We will apply similar operations to Integrator ( ∫ ) ports. First we will define the integrator’s input symbol. Thus, we double click the input port and in the dialog that opens we type-in v as the symbol of the body velocity (see the figure below on the left) and accept it by OK. Next, we double click the integrator’s output port (see Figure below on the right). We change the output variable name to x (for the position). The integrator constitutive relation is automatically set. Its initial value was already set to 0.0. We may accept this, which means that the body displacement is measured from its zero initial position. We close dialog by OK button.

Integrator input (left) and output (right) dialogs
Developing Component Models Developing Component Models

Now we can close the Body document by clicking document window control (×) button. Because the document was changed, before closing the document the program asks us what we wish to do next by showing the following message dialog.

Save dialog options
Developing Component Models

To choose the proper button it is necessary to know how BondSim stores the projects. The project title that was created at beginning is stored in the project index (really a map, dictionary). Every project has a different name and corresponding files are stored in the corresponding BondSim program model directory in the corresponding file. The program generates the filenames automatically. We communicate with the program by the project name. The program locates the name in the project index, finds the corresponding filename and opens the project. These files, however, are not common files, but the special compounded files that have the structure of file system inside the file. They contain storages, which have roles of the directories, and streams which play the roles of the files.  
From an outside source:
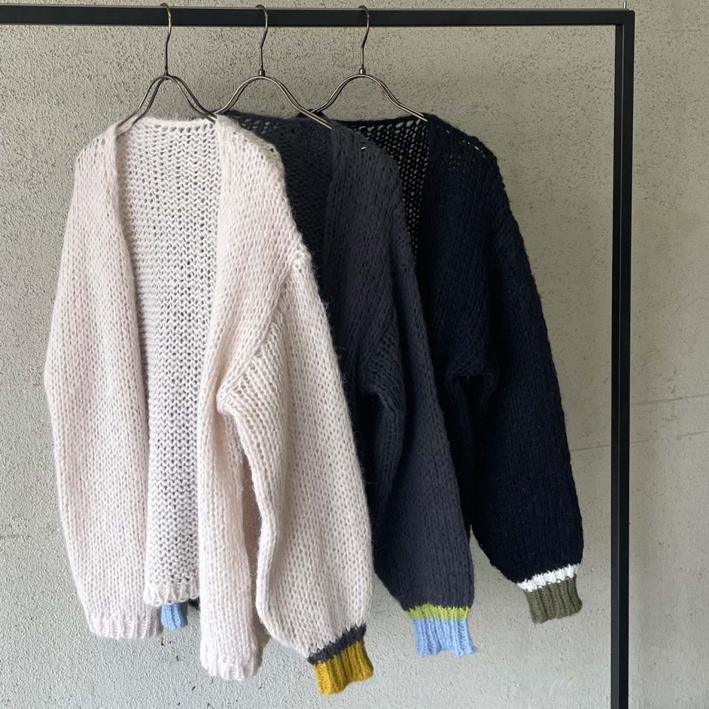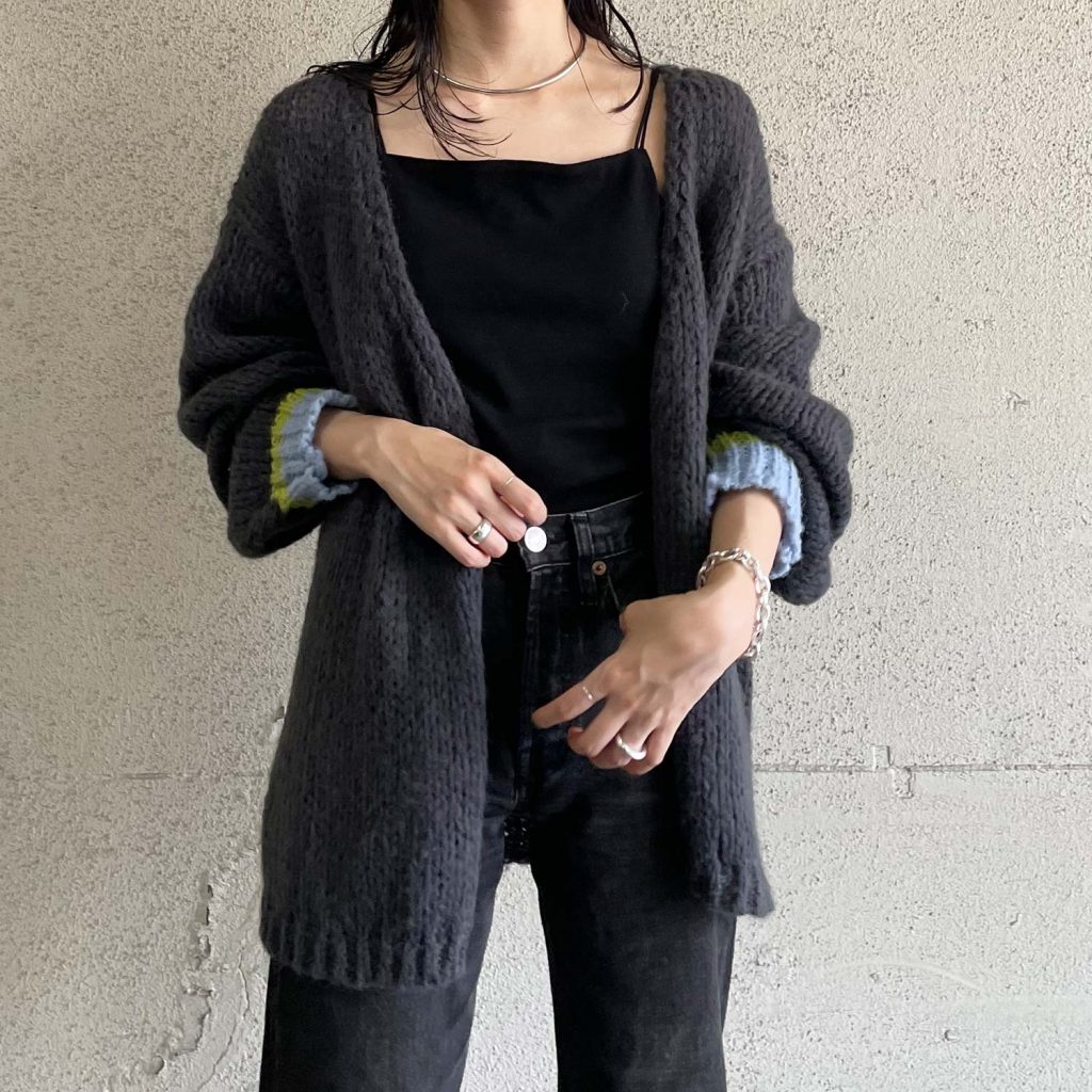 柔らかで軽く、ルーズなローゲージカーディガン。袖口の配色ラインがポイントです。

In the current implementation the project file has structure of the corresponding model tree. At the first level there is a storage, which corresponds to the project. It contains a stream that store the project document. Every component, which is not an elementary one, corresponds to the storage which contains a stream that store the component document. This document contains the other components, etc. In this way the structure of the project is stored in the same way in the storage medium (a disk) as in the memory. The elementary component, because they are rather simple, stores all data in the component object itself. When we close a document it is normally stored in its component. The stored document is not saved on the disk yet. We must store it down the model tree until the project document is reached and then the complete structure is saved to the disk. 

Thus, returning to the Save Dialog shown above, if we select Save button the dialog closes and the current document is stored in its component storage. If on other hand Save to all button is clicked the documents are stored down the model three until the project document is reached, and then the complete structure is saved to the disk in the corresponding file. We may also select Don’t save button, which means the rejecting of the changes made and closing the document. If we select Cancel button the document closing is rejected and the document stays open.